Fugues

SHINER Lewis

Article publié le vendredi 29 juin 2012 par Philémont

Quatrième de couverture

Ray Shackleford, réparateur de matériel hi-fi, se noie dans l’alcool et la musique. Il tente d’oublier une vie de couple chaotique et les brimades de son père. A la mort de ce dernier, sa vie bascule. Il se découvre un don singulier : il a le pouvoir de se projeter dans l’univers de ses groupes de rock favoris, d’enregistrer des versions inédites de leurs chansons. Poussé par Graham Hudson de Carnival Records, il accepte d’enregistrer l’album mythique et inédit des Doors : Celebration of the lizard. Mais ces voyages incessants dans le passé se révèlent bientôt dangereux. Car à trop jouer avec l’espace et le temps, ne risque-t-on pas d’ouvrir les portes du domaine de la Mort ?

Fugues est à la fois un roman initiatique et un magnifique hommage au rock des années 60-70 ; on y croise entre autres Jim Morrison, Brian Wilson, Jimi Hendrix et les Beatles.

Lewis Shiner est né en 1950. Son premier roman, Frontera, a été nominé au prix Nebula. Mais c’est son deuxième roman, Deserted cities of the heart (à paraître dans la même collection), qui lui a valu d’être encensé par une critique unanyme, dont James Ellroy.

L’avis de Philémont

Fugues met en scène un homme qui se dirige vers la quarantaine en prenant conscience que sa vie personnelle est un désastre, et en découvrant qu’il a le pouvoir de se projeter vingt ans en arrière dans l’univers de ses groupes favoris. C’est l’occasion pour lui de voir et d’entendre ce qui est entré dans la légende du rock : ces titres et albums qui n’ont jamais pu être réalisés pour des raisons diverses et souvent tragiques. Dès lors ces retours dans un passé si riche musicalement deviennent pour lui une thérapie, ses entretiens avec Jim Morrison, Brian Wilson ou Jimi Hendrix contribuant peut-être à leur rédemption commune.

Hommage au rock de la fin des années soixante, Fugues est un très beau roman dans lequel Lewis SHINER a probablement mis beaucoup de lui-même. Car le personnage principal du roman ne se trouve pas parmi les personnages historiques et charismatiques à qui il donne vie, mais bel et bien dans ce personnage médiocre mais passionné qui continue de se chercher quand sa jeunesse est sur le point de prendre fin. Et avec lui il transmet superbement sa passion pour la musique de la fin des sixties, et utilise nombre d’éléments de sa vie personnelle pour donner de la substance à son personnage. C’est la mort de son père autoritaire avec qui il a toujours entretenu des relations conflictuelles ; c’est encore son couple qui part en déliquescence jusqu’à l’inévitable divorce.

L’argument fantastique du roman n’est d’ailleurs que secondaire.
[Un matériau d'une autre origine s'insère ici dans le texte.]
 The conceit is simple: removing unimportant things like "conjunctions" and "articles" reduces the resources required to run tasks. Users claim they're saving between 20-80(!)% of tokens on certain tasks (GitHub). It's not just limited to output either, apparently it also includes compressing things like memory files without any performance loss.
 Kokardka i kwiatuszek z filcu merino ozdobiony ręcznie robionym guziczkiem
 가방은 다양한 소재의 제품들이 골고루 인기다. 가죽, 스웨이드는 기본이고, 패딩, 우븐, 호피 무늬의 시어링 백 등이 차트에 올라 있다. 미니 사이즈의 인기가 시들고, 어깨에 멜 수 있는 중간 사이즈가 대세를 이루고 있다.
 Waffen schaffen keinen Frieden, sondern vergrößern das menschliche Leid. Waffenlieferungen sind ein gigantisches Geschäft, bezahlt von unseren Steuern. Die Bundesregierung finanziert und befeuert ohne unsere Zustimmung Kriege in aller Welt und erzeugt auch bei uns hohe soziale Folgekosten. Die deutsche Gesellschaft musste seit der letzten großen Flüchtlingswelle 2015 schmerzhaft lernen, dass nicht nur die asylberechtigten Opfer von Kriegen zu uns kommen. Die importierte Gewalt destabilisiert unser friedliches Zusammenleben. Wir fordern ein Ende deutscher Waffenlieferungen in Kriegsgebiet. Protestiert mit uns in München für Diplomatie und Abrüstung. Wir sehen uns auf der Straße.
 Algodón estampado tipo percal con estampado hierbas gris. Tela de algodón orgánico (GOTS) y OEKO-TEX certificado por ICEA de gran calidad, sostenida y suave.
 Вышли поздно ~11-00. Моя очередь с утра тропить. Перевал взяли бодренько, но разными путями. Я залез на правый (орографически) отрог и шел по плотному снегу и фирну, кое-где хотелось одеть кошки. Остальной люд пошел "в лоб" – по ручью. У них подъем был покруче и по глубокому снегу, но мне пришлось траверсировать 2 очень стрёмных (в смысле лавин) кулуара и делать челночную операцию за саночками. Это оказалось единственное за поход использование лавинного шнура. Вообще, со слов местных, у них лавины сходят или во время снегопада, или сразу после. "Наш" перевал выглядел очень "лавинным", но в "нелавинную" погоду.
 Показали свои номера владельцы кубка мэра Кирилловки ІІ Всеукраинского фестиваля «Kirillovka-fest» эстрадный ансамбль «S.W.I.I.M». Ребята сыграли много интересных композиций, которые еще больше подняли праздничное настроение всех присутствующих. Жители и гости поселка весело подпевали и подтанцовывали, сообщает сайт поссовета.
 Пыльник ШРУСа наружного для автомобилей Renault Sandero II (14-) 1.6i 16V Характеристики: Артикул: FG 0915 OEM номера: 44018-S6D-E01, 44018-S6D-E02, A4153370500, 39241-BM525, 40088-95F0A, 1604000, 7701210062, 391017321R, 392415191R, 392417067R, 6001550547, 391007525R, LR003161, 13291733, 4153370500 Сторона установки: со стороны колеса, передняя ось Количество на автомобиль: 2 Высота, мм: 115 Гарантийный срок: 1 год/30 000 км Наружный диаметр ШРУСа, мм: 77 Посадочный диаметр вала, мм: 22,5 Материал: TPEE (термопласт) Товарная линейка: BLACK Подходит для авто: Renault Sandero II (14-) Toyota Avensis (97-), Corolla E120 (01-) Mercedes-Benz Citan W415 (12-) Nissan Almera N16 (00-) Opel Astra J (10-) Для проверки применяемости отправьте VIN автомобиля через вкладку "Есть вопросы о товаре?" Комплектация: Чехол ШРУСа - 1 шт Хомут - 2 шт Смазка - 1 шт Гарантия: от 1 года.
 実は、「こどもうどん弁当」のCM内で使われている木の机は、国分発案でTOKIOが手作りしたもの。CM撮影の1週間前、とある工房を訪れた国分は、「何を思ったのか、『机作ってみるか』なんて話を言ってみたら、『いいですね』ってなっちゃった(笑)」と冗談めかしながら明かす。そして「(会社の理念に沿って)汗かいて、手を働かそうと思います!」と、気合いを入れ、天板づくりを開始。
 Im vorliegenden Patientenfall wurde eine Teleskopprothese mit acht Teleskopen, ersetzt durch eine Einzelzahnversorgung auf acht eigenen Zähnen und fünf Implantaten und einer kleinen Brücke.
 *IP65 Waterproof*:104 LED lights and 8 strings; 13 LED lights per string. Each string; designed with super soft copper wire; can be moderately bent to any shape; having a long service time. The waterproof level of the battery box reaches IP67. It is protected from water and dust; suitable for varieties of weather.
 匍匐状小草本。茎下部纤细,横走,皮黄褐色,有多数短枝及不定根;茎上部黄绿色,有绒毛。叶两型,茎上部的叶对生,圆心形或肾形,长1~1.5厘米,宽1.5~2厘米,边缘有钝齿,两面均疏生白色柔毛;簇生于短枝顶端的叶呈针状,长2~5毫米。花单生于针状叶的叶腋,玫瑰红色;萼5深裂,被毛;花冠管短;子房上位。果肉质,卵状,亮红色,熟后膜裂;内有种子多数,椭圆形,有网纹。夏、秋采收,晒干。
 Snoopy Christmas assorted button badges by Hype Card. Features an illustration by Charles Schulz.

Ce qui compte ici c’est l’homme, et le regard désenchanté qu’il porte sur sa vie passée et à venir, ainsi que sur une époque à jamais révolue. A ce titre il est aisé de faire le parallèle avec un autre roman récemment réédité. Toutefois le sujet est traité de manière différente puisque quand MARTIN se place dans une perspective collective et sociale, SHINER lui préfère une approche purement personnelle et individuelle. Ce n’est pas moins intéressant et tout aussi fort d’un point de vue émotionnel. Cela porte à croire que décidément le mouvement hippie est un sujet éminemment romanesque en plus d’avoir été d’une richesse musicale rarement égalée.